# Exercise data:
- - - - -

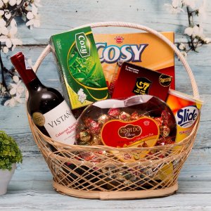 Giỏ bánh kẹo Tết 2025 đẹp và giá rẻ chỉ với 700k cũng rất được ưa chuộng, bao gồm kẹo chocolate, rượu vang, bánh Qishi, bánh Nhật, bánh quy và rất nhiều món ngon hấp dẫn khác. Không chỉ là món quà đơn thuần, giỏ quà này còn gửi gắm những lời chúc tốt đẹp nhất đến người thân.
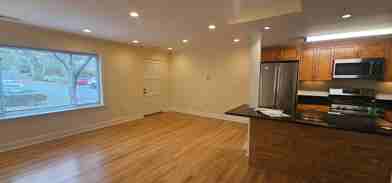 Features a gas stove and central A/C. First floor open concept kitchen and living room has plenty of space for a dining room table and a living room setup. The unit even contains a built-in wall mount for easy installation of flat screen TVs. On the second floor, you will find a LARGE bedroom, a built-in desk, a fully modern full bath with a bathtub, and IN-UNIT LAUNDRY!
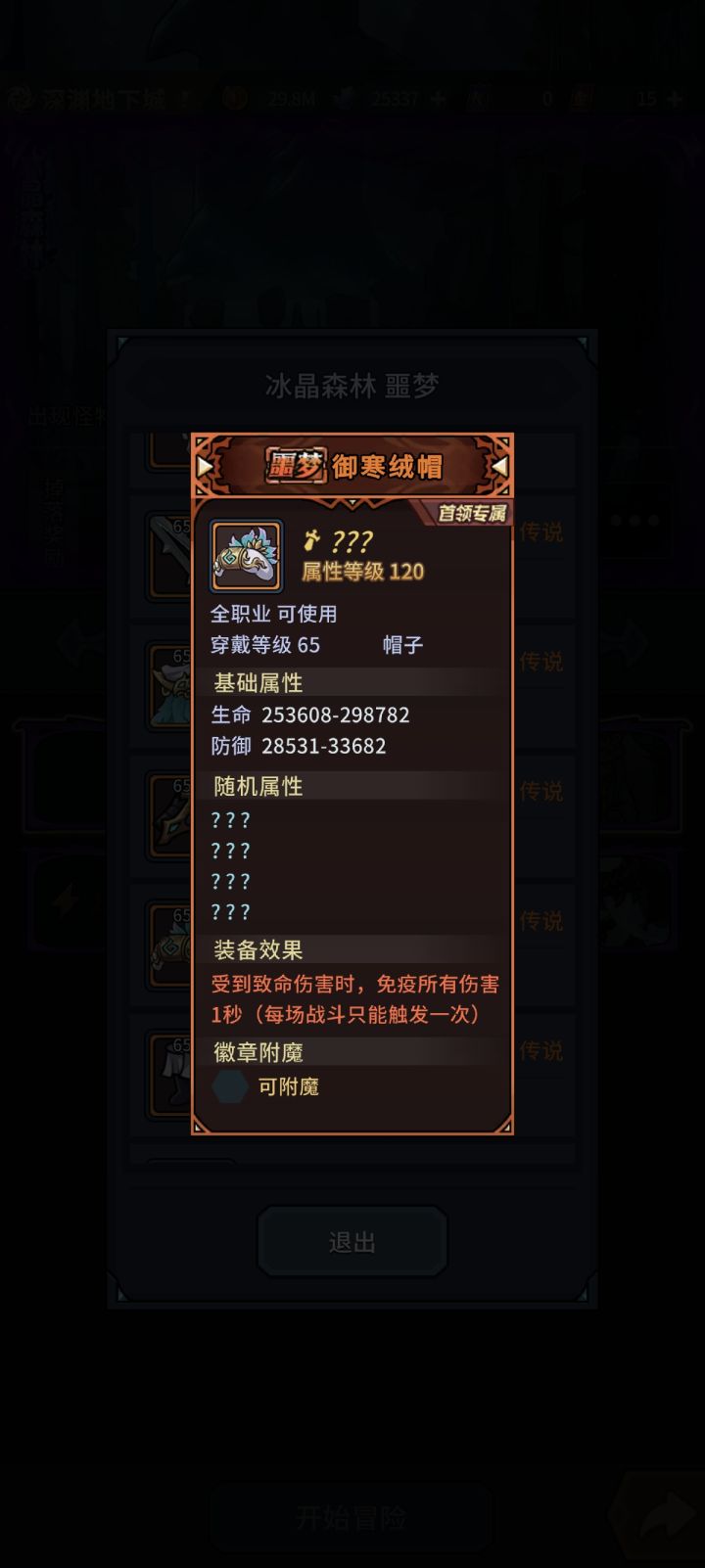 噩梦这个boss两个专属是压根不掉,昏暗+一个词条灯具刷了一周这样,其他掉落出了有五十件以上总之懒的时候就刷这里摆烂,是不是有点夸张了这两装备我都怀疑没加进去掉落,刷两三天没出我只是惊讶而已毕竟我别的装备就没有刷一天不出的昏暗+这灯具我感觉爆率是非常高的,虽然为了刷这个帽子但是这个戒指我也没见掉,刚好两个都是首领专属,如果爆率低那套破烂套装还有两把武器护手裤子都能装一个加强连了
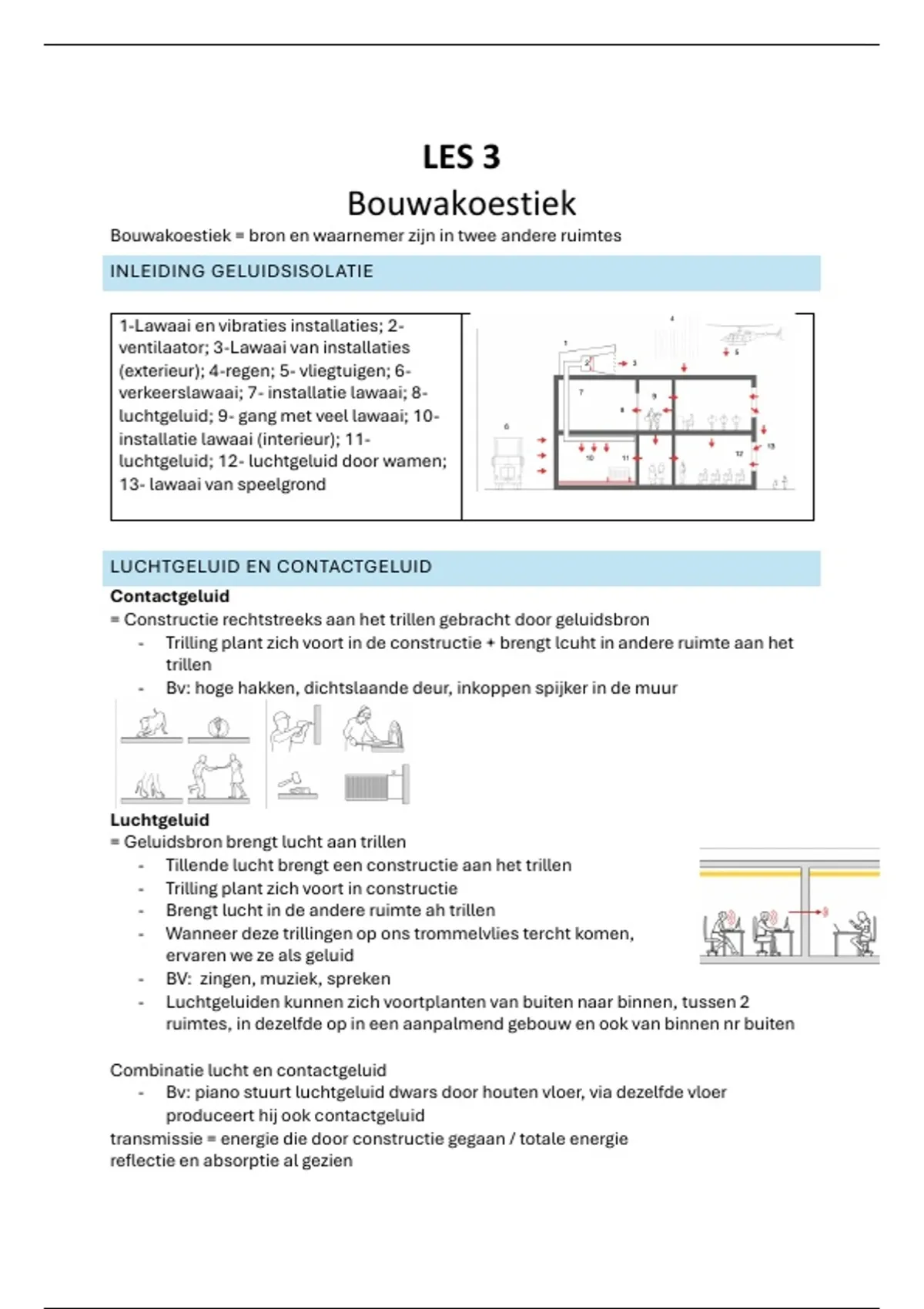 Bouwakoestiek = bron en waarnemer zijn in twee andere ruimtes

- - - - -

# Problem requirements:
A verbatim copy of the data, free of pictures, is the expected answer.

# Answer to the exercise:
 Giỏ bánh kẹo Tết 2025 đẹp và giá rẻ chỉ với 700k cũng rất được ưa chuộng, bao gồm kẹo chocolate, rượu vang, bánh Qishi, bánh Nhật, bánh quy và rất nhiều món ngon hấp dẫn khác. Không chỉ là món quà đơn thuần, giỏ quà này còn gửi gắm những lời chúc tốt đẹp nhất đến người thân.
 Features a gas stove and central A/C. First floor open concept kitchen and living room has plenty of space for a dining room table and a living room setup. The unit even contains a built-in wall mount for easy installation of flat screen TVs. On the second floor, you will find a LARGE bedroom, a built-in desk, a fully modern full bath with a bathtub, and IN-UNIT LAUNDRY!
 噩梦这个boss两个专属是压根不掉,昏暗+一个词条灯具刷了一周这样,其他掉落出了有五十件以上总之懒的时候就刷这里摆烂,是不是有点夸张了这两装备我都怀疑没加进去掉落,刷两三天没出我只是惊讶而已毕竟我别的装备就没有刷一天不出的昏暗+这灯具我感觉爆率是非常高的,虽然为了刷这个帽子但是这个戒指我也没见掉,刚好两个都是首领专属,如果爆率低那套破烂套装还有两把武器护手裤子都能装一个加强连了
 Bouwakoestiek = bron en waarnemer zijn in twee andere ruimtes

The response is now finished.